I thought I was doing well to hide it :3


----------



## Enigmaticat (Dec 7, 2008)

Ive fallen asleep standing once. I woke up with someone trying to talk to me.


----------



## SnowFox (Dec 7, 2008)

Ren-Raku said:


> I thought I was doing well to hide it :3



Sorry to be the one to break it to you 

Random sleep fact: I tend to go to bed around this time.

Night everyone, I'll leave the door unlocked for anyone who wants snuggles.


----------



## Roose Hurro (Dec 7, 2008)

mrredfox said:


> when i sleep, my dreams feel real, like *i can actually feel whats happening* o.o



All the time for me, perfectly normal.  Makes it quite a bit uncomfortable when I'm shot or stabbed or otherwise injured/killed.  Like the time I dreamt I was a soldier in WWII, and had my left leg taken down by machingun fire....




Nargle said:


> I suppose I have a few sleeping quirks:
> 
> -I can purposely induce lucid dreaming
> -I have trouble sleeping in the dark, so I always have light, and sunlight is the best at helping me fall asleep
> ...



Last night I dreamt I was at my uncles old place, when he lived on ten acres out in the country... I ate what was left in the bottom of a container of ice cream.  Looked and tasted like strawberry....




SnowFox said:


> I think I know what you mean, I've had similar things happen.
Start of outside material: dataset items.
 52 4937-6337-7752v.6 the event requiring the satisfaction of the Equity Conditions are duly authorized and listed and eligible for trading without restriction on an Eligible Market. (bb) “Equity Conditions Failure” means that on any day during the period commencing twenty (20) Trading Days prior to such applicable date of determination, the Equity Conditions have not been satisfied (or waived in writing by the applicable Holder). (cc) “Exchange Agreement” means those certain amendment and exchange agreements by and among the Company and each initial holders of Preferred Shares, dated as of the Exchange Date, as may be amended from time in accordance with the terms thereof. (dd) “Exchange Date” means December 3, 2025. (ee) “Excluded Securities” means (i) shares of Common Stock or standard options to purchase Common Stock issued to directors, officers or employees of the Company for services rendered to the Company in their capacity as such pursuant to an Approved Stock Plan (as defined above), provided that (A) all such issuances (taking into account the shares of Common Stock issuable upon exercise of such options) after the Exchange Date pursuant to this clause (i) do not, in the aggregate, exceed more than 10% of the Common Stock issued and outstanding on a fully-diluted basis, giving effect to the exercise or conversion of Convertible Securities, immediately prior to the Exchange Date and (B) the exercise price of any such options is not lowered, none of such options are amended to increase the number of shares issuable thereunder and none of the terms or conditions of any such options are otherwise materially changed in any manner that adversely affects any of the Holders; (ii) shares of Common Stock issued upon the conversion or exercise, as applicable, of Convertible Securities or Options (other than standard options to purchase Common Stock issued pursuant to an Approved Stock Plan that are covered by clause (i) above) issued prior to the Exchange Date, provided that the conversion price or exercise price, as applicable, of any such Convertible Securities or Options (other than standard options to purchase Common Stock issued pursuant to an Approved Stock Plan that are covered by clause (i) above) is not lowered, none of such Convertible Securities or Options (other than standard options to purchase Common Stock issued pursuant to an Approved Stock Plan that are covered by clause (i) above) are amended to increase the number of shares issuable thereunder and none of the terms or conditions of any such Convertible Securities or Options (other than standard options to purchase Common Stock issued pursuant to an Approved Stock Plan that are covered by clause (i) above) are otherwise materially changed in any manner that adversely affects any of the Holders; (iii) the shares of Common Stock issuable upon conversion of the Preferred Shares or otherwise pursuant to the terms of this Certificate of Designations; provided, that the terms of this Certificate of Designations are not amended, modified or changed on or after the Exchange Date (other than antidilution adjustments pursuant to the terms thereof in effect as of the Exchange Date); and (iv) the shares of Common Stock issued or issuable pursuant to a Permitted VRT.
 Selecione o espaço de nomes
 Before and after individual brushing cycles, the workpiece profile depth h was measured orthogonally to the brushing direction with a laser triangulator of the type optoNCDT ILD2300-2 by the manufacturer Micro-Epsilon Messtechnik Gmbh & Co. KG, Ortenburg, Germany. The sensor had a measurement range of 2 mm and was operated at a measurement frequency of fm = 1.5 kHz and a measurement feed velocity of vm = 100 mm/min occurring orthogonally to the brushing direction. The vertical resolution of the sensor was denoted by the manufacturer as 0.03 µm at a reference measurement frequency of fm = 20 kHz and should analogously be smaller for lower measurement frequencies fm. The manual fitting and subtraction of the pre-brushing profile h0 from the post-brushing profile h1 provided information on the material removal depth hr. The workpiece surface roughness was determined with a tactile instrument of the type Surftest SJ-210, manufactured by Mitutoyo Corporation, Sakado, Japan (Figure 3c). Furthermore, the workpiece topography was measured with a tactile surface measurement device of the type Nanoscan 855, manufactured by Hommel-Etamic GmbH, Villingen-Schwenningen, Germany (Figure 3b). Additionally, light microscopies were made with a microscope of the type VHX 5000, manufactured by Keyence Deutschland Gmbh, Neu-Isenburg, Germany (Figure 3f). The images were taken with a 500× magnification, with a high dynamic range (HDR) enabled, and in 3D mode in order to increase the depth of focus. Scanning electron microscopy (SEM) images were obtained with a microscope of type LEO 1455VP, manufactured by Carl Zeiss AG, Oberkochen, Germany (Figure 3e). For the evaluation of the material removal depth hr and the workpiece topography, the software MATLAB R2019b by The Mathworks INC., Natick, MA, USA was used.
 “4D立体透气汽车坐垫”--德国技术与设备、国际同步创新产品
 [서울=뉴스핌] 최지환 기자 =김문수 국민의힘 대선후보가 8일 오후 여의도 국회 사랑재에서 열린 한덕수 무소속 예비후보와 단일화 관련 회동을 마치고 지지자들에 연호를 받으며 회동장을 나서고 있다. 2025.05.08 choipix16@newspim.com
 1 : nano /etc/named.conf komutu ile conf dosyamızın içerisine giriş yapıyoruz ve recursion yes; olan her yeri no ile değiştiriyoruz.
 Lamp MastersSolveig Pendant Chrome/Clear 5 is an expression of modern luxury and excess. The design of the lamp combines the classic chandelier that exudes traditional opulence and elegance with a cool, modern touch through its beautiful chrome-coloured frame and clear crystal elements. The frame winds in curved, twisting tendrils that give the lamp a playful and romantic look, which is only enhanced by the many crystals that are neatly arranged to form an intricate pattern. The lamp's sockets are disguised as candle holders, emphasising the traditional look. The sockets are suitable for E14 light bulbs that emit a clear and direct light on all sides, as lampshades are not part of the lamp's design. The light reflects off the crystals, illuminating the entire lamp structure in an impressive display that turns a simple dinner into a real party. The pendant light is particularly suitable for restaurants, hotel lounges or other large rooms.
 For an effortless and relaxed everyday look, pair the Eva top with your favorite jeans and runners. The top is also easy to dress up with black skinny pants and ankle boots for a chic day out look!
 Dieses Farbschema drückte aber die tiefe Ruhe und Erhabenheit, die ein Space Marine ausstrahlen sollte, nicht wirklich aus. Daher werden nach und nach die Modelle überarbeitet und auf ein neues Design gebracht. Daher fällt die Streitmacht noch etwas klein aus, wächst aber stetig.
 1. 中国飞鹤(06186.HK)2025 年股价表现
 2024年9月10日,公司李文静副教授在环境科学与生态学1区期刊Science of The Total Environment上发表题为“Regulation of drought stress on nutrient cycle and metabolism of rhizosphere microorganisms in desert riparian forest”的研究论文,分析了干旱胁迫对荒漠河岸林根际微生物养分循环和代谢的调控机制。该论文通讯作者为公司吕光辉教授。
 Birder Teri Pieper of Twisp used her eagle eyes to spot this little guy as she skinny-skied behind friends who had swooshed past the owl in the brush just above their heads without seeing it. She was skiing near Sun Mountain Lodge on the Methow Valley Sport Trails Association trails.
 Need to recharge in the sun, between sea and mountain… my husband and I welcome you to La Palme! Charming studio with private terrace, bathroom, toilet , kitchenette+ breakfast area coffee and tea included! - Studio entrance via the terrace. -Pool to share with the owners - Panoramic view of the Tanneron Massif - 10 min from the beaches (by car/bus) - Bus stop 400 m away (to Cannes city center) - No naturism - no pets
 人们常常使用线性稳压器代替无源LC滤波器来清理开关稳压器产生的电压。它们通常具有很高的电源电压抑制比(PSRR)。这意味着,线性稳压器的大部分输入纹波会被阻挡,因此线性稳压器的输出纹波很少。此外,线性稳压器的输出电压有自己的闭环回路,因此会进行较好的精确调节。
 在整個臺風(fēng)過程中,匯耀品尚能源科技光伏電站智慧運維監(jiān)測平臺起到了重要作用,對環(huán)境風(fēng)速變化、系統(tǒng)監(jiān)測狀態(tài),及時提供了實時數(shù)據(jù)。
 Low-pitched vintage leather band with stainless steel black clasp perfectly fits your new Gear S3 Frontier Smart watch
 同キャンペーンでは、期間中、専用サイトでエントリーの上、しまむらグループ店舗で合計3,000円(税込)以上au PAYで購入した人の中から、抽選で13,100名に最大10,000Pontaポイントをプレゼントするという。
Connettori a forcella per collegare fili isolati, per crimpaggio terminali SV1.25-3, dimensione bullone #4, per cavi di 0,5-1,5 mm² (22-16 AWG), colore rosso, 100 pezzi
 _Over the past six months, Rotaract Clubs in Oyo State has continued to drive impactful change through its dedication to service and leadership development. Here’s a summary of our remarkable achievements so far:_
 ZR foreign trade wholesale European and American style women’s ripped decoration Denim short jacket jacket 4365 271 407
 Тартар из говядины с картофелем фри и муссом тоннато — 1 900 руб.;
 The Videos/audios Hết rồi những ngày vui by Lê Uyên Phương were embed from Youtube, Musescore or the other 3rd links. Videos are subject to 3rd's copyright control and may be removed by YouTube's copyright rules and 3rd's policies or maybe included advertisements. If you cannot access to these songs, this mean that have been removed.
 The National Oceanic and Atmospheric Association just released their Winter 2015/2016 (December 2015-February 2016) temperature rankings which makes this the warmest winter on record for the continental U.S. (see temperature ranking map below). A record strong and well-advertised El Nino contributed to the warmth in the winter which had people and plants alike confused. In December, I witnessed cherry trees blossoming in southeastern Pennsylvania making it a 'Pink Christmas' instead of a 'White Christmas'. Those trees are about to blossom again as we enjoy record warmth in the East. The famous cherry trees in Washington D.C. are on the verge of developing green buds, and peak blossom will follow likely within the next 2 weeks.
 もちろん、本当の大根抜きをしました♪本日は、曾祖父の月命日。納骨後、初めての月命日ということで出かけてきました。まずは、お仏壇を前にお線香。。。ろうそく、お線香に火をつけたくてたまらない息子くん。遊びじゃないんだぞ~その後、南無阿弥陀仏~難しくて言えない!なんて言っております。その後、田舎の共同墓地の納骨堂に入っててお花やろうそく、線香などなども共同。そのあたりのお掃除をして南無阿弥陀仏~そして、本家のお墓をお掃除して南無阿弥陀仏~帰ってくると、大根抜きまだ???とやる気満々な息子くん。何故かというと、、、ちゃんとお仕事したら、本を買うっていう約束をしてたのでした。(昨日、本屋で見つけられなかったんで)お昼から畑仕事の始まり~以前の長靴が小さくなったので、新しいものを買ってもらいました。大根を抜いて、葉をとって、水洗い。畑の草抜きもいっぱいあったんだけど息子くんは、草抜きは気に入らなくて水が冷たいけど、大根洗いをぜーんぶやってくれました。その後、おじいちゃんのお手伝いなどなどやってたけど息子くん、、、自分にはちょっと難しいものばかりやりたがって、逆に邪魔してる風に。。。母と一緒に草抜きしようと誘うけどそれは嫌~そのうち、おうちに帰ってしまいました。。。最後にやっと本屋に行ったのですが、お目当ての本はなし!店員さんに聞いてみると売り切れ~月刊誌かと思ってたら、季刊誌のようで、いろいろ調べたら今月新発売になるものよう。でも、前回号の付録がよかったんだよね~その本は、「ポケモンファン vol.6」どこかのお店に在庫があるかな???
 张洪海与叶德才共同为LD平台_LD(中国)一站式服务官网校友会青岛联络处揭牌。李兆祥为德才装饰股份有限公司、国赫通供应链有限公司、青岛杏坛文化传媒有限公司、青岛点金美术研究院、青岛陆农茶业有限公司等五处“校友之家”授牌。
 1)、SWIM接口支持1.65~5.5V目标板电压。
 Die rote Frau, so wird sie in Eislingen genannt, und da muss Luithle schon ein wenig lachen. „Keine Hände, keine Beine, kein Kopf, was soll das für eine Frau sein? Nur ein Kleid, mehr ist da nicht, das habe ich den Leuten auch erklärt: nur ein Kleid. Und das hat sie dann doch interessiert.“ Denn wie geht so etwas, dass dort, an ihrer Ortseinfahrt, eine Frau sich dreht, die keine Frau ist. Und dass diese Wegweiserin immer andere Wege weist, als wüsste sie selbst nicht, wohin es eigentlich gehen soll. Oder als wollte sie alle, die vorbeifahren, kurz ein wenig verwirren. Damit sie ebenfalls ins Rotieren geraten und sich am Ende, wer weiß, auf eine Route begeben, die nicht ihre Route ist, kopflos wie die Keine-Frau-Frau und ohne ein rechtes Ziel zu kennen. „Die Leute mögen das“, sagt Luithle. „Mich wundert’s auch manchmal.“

Oh and that reminds me...
> 
> It hasn't happened for a couple of years now but it happened on and off for quite a long time. As I'm falling asleep, just at the moment I'm almost fully unconscious I would suddenly realize I was asleep and become "aware" again but be completely paralyzed. I could hear my pulse really loud and any attempt to move a muscle, or open my eyes or anything would just make it get louder and louder and cause agonizing pain in my whole body, which would cause me to tense up even more making it worse. A few times I honestly felt like I was going to die from something bursting in my head. It was really terrifying, and it randomly stopped happening just as randomly as it started



Sounds like Night Terrors, to me....




mrredfox said:


> its wierd, i dont understand how poeple can not dream o.o





Zoopedia said:


> I have a dream about once every few months. Well actually EVERYBODY has many dreams every night. Just how many you remember varies between people.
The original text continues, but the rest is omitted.